* **Records for this exercise**
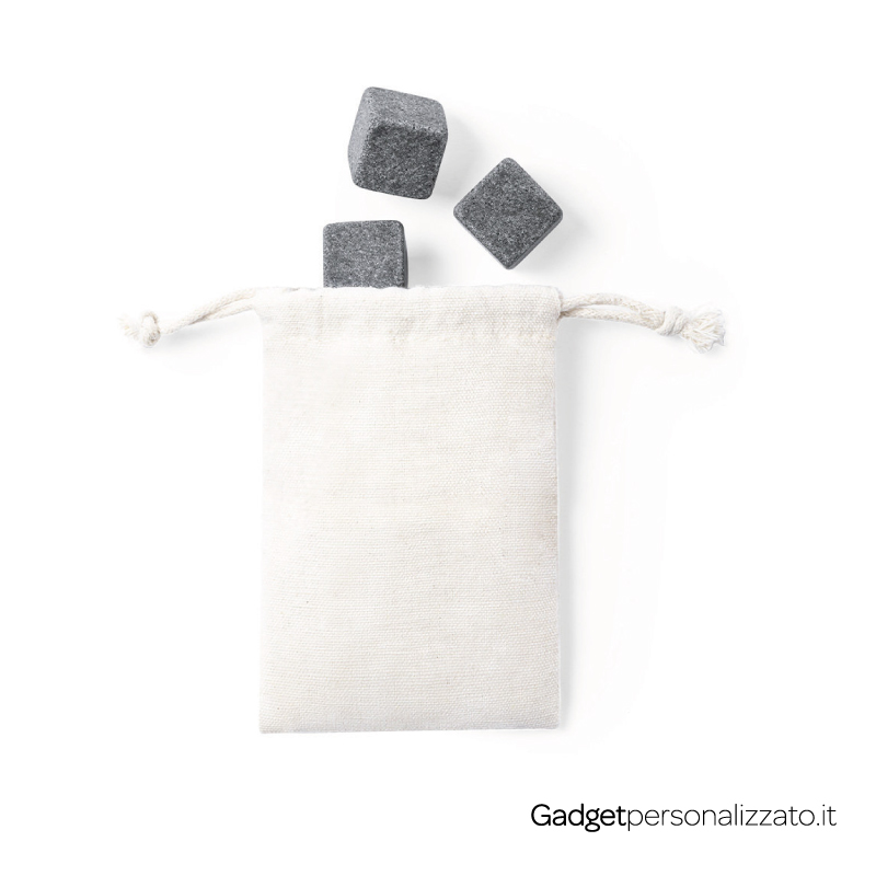 I cubetti di ghiaccio riutilizzabili in pietra naturale sono una scelta particolarmente elegante, nonché rispettosa dell’ambiente. Realizzati in pietra ollare, sono perfetti per raffreddare bevande (senza alterarne il sapore) e rappresentano un regalo sofisticato e pratico. Il sacchetto di cotone che li contiene può essere personalizzato. Ecco un oggetto ideale come regalo premium, ottimo anche per i tuoi eventi aziendali e per campagne di marketing mirate.
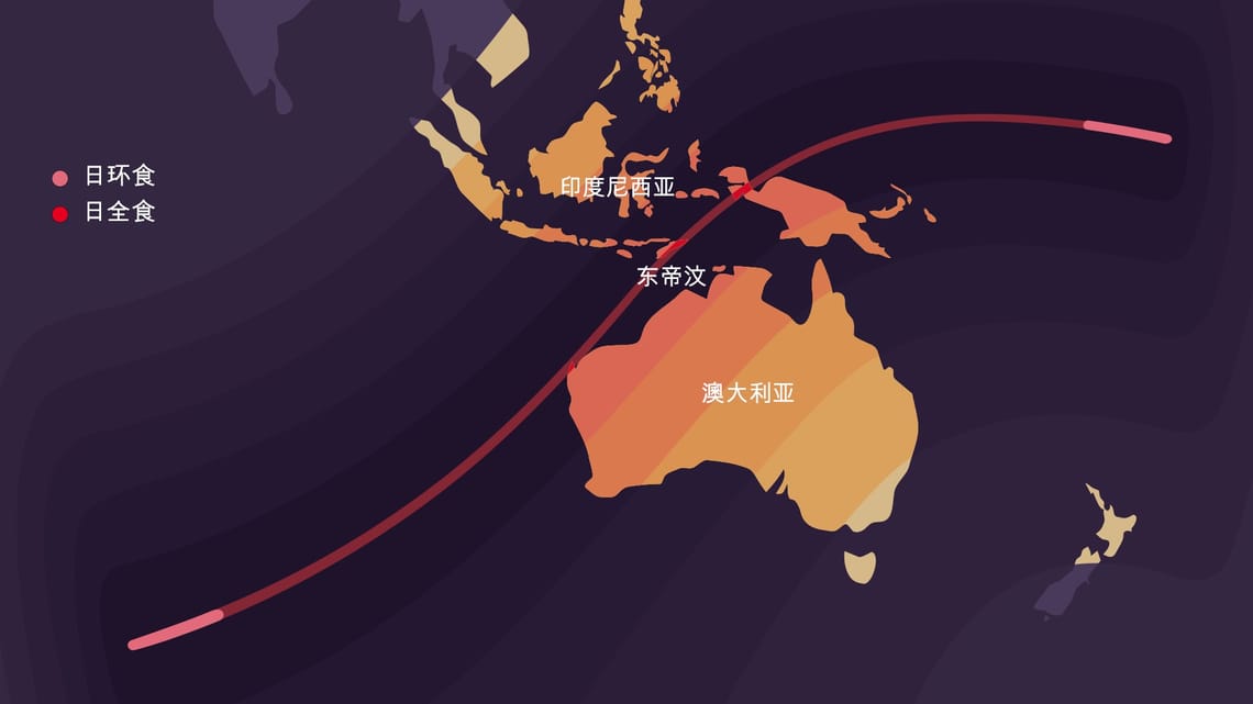 从东帝汶东部、西巴布亚部分地区和西澳大利亚的埃克斯茅斯(Exmouth)半岛可以看到日全食。
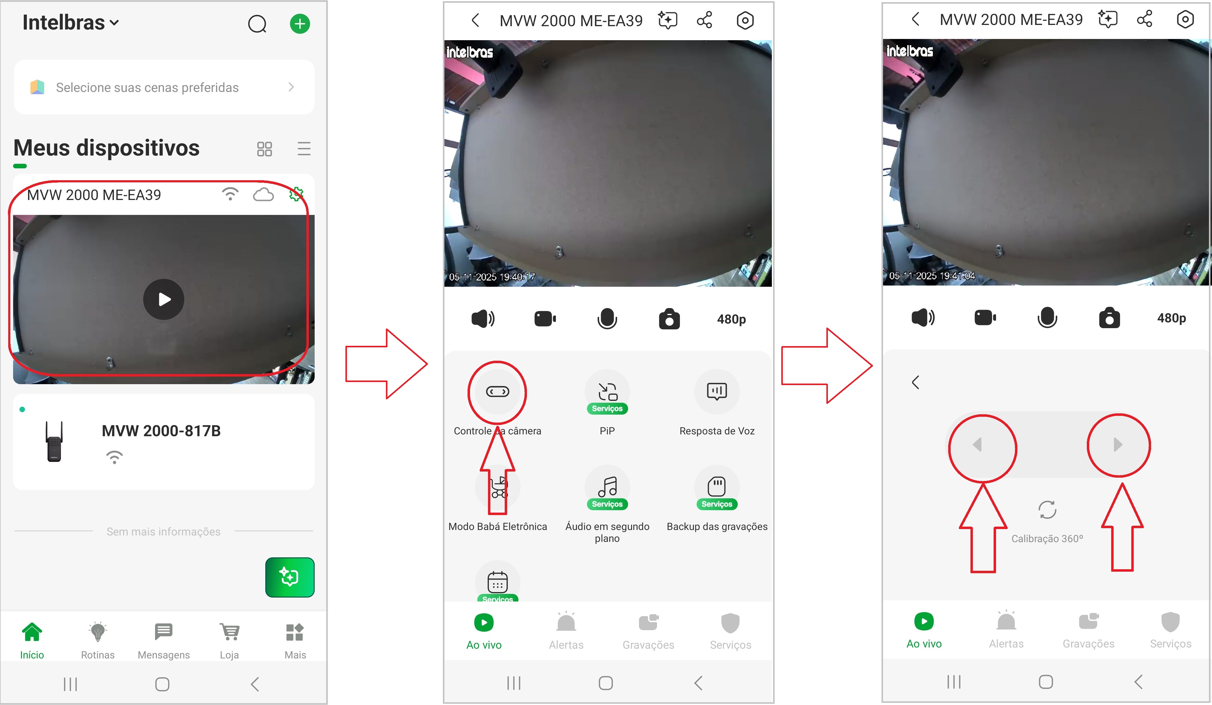 Após selecionar o dispositivo, o usuário é direcionado para a tela com a transmissão ao vivo da câmera. Na parte inferior, são exibidas várias funções, entre elas o botão “Controle da câmera”. Esse botão deve ser tocado para acessar os comandos de movimentação.
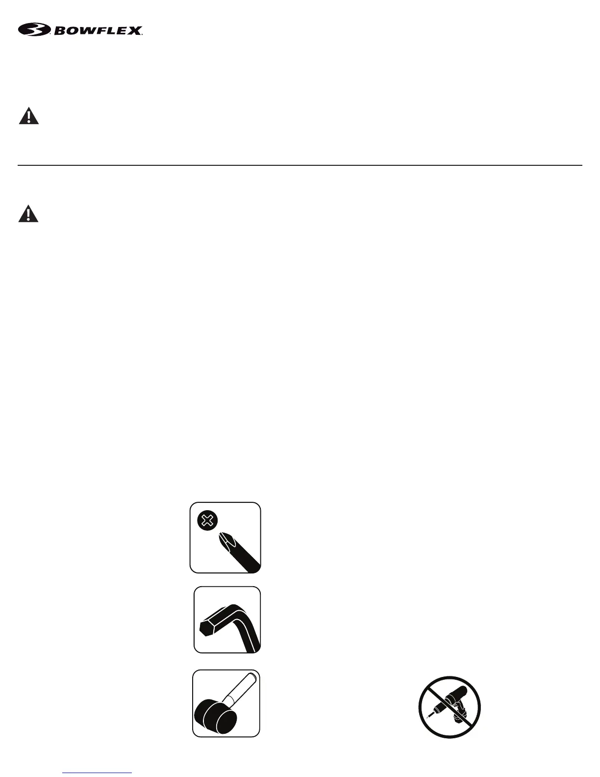 • If replacement parts are necessary, use only genuine Nautilus replacement parts and hardware. Failure to use genuine replacement parts can cause a
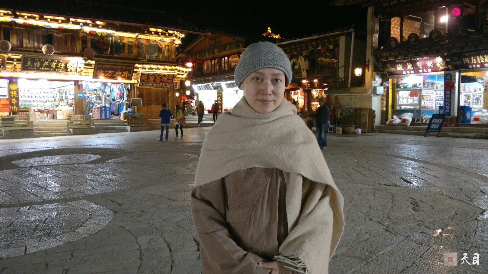 图一:果实法师在云南香格里拉独克宗古城的广场;
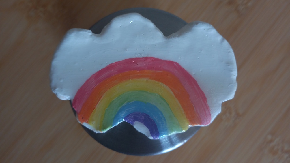 ¡Que nada nuble tu orgullo! Imán (de 7 cm) en pasta de modelar hecho y pintado a mano con acabo en resina cristal para una mayor dureza.
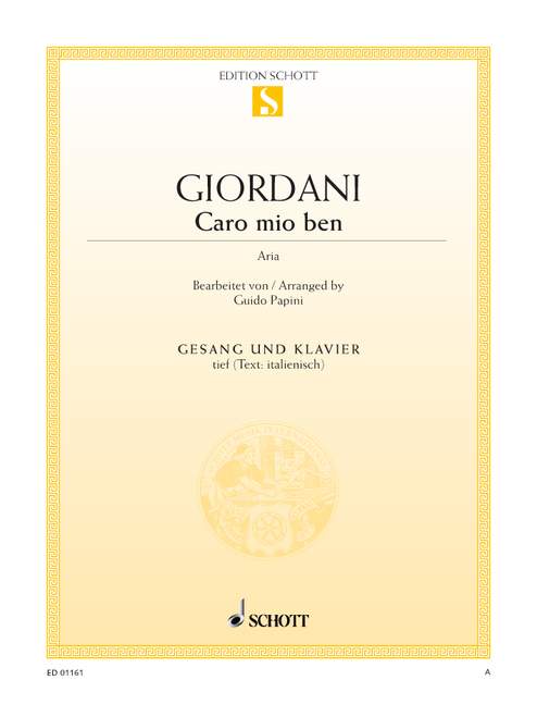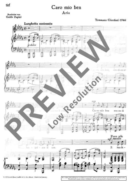 Digital Sheet Music for Caro mio ben in D flat major by Tommaso Giordani, Guido Papini scored for Low Voice And Piano; id:474716
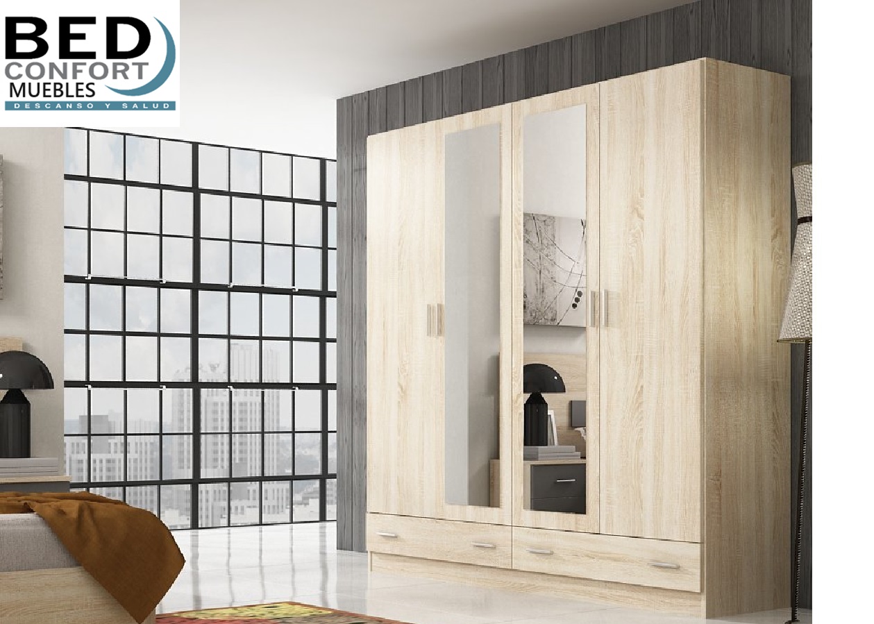 Armarios de dos puertas con 2 cajones, de tres puertas con dos cajones, de cuatro puertas con un cajón a cada lado,diferentes acabados,y con posibilidad de maletero.

* **The problem**
To complete the exercise, return the listing above exactly and omit its pictures.

* **Solved problem**
 I cubetti di ghiaccio riutilizzabili in pietra naturale sono una scelta particolarmente elegante, nonché rispettosa dell’ambiente. Realizzati in pietra ollare, sono perfetti per raffreddare bevande (senza alterarne il sapore) e rappresentano un regalo sofisticato e pratico. Il sacchetto di cotone che li contiene può essere personalizzato. Ecco un oggetto ideale come regalo premium, ottimo anche per i tuoi eventi aziendali e per campagne di marketing mirate.
 从东帝汶东部、西巴布亚部分地区和西澳大利亚的埃克斯茅斯(Exmouth)半岛可以看到日全食。
 Após selecionar o dispositivo, o usuário é direcionado para a tela com a transmissão ao vivo da câmera. Na parte inferior, são exibidas várias funções, entre elas o botão “Controle da câmera”. Esse botão deve ser tocado para acessar os comandos de movimentação.
 • If replacement parts are necessary, use only genuine Nautilus replacement parts and hardware. Failure to use genuine replacement parts can cause a
 图一:果实法师在云南香格里拉独克宗古城的广场;
 ¡Que nada nuble tu orgullo! Imán (de 7 cm) en pasta de modelar hecho y pintado a mano con acabo en resina cristal para una mayor dureza.
 Digital Sheet Music for Caro mio ben in D flat major by Tommaso Giordani, Guido Papini scored for Low Voice And Piano; id:474716
 Armarios de dos puertas con 2 cajones, de tres puertas con dos cajones, de cuatro puertas con un cajón a cada lado,diferentes acabados,y con posibilidad de maletero.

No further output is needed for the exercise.